Activity: Repeat every line of the listing below exactly, minus the pictures.

Data excerpt:
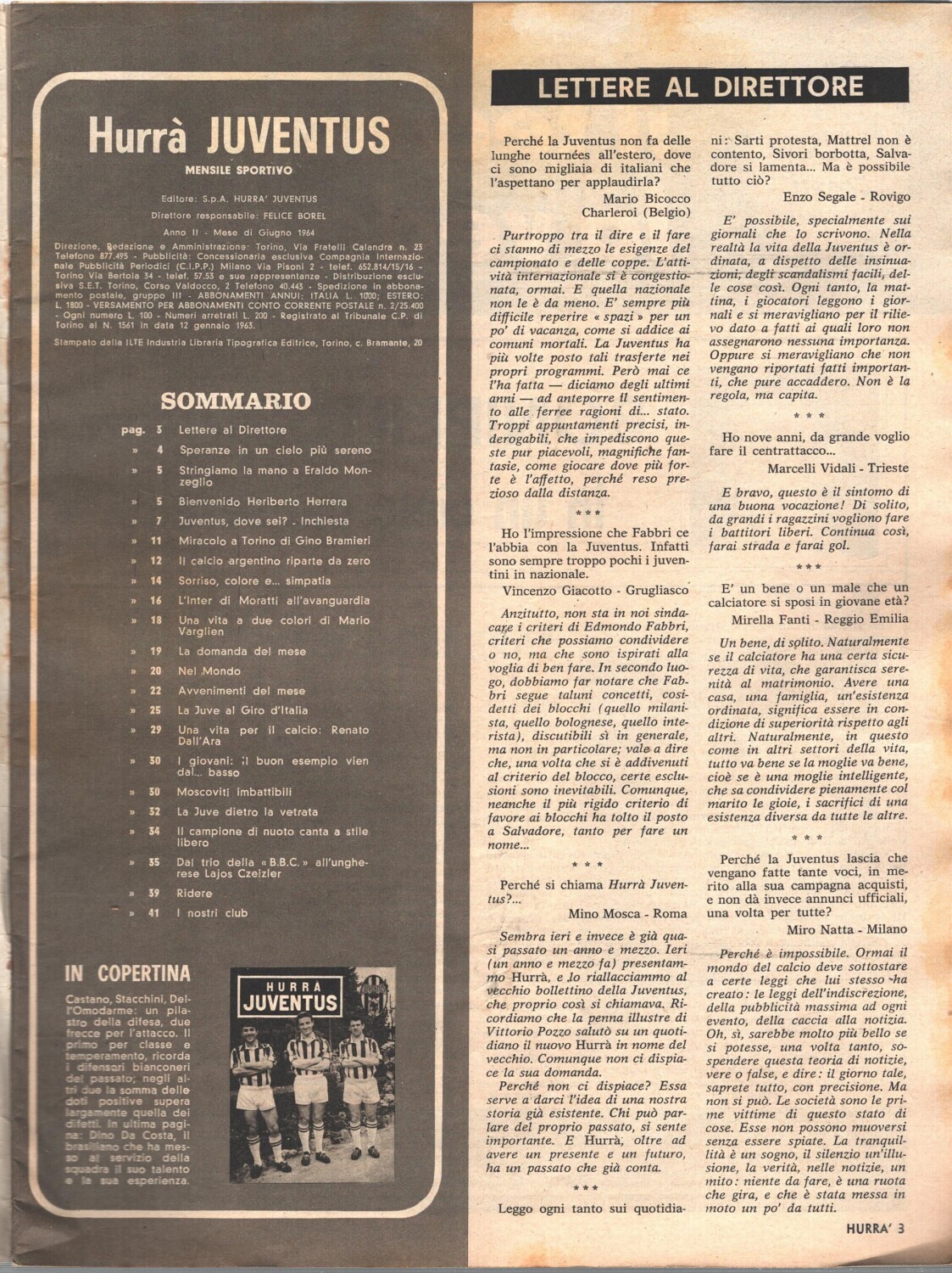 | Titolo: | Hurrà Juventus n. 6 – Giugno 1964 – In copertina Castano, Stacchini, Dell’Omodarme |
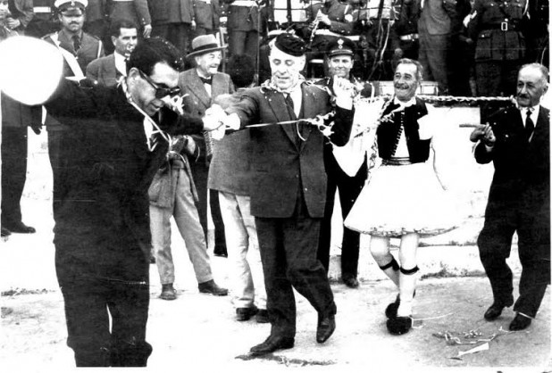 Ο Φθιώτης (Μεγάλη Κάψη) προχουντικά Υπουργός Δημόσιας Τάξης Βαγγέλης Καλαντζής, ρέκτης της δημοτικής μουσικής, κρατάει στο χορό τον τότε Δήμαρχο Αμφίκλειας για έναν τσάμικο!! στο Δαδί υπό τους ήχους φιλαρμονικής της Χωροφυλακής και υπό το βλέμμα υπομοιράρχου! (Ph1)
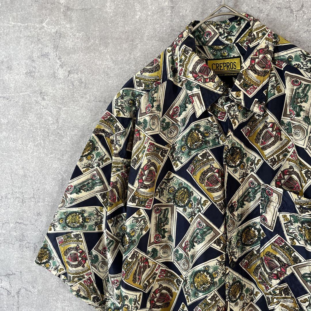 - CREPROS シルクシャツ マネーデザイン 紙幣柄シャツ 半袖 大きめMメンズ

Task output:
 | Titolo: | Hurrà Juventus n. 6 – Giugno 1964 – In copertina Castano, Stacchini, Dell’Omodarme |
 Ο Φθιώτης (Μεγάλη Κάψη) προχουντικά Υπουργός Δημόσιας Τάξης Βαγγέλης Καλαντζής, ρέκτης της δημοτικής μουσικής, κρατάει στο χορό τον τότε Δήμαρχο Αμφίκλειας για έναν τσάμικο!! στο Δαδί υπό τους ήχους φιλαρμονικής της Χωροφυλακής και υπό το βλέμμα υπομοιράρχου! (Ph1)
 - CREPROS シルクシャツ マネーデザイン 紙幣柄シャツ 半袖 大きめMメンズ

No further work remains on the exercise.